→ Exercise directions: Leave out all pictures and retype exactly the lines from the one with "buried with him." through the last line of the material.

→ Provided material:
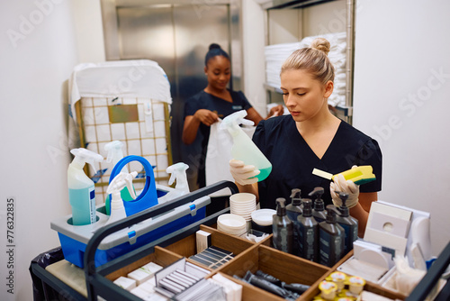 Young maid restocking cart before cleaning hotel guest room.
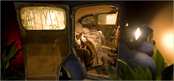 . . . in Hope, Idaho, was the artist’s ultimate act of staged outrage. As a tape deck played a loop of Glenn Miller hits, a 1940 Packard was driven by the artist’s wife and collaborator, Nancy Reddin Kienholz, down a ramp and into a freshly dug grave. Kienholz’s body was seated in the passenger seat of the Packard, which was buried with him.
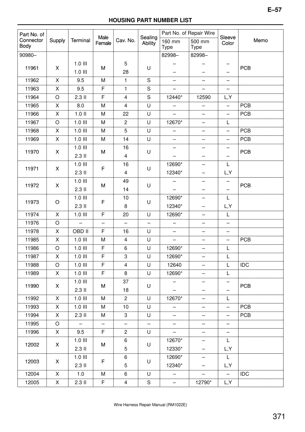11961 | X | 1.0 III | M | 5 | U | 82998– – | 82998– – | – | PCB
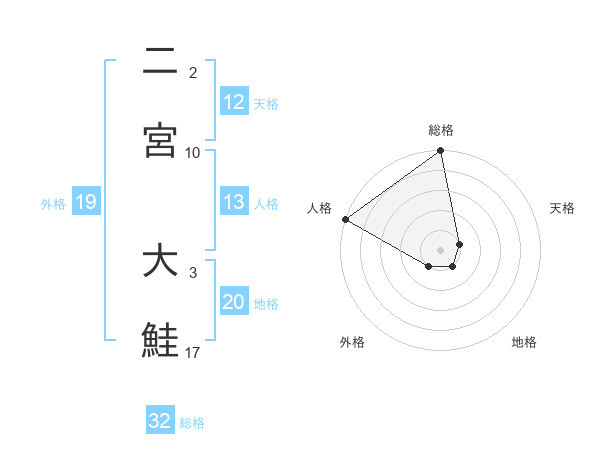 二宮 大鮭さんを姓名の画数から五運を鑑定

→ Solution for this task:
 . . . in Hope, Idaho, was the artist’s ultimate act of staged outrage. As a tape deck played a loop of Glenn Miller hits, a 1940 Packard was driven by the artist’s wife and collaborator, Nancy Reddin Kienholz, down a ramp and into a freshly dug grave. Kienholz’s body was seated in the passenger seat of the Packard, which was buried with him.
11961 | X | 1.0 III | M | 5 | U | 82998– – | 82998– – | – | PCB
 二宮 大鮭さんを姓名の画数から五運を鑑定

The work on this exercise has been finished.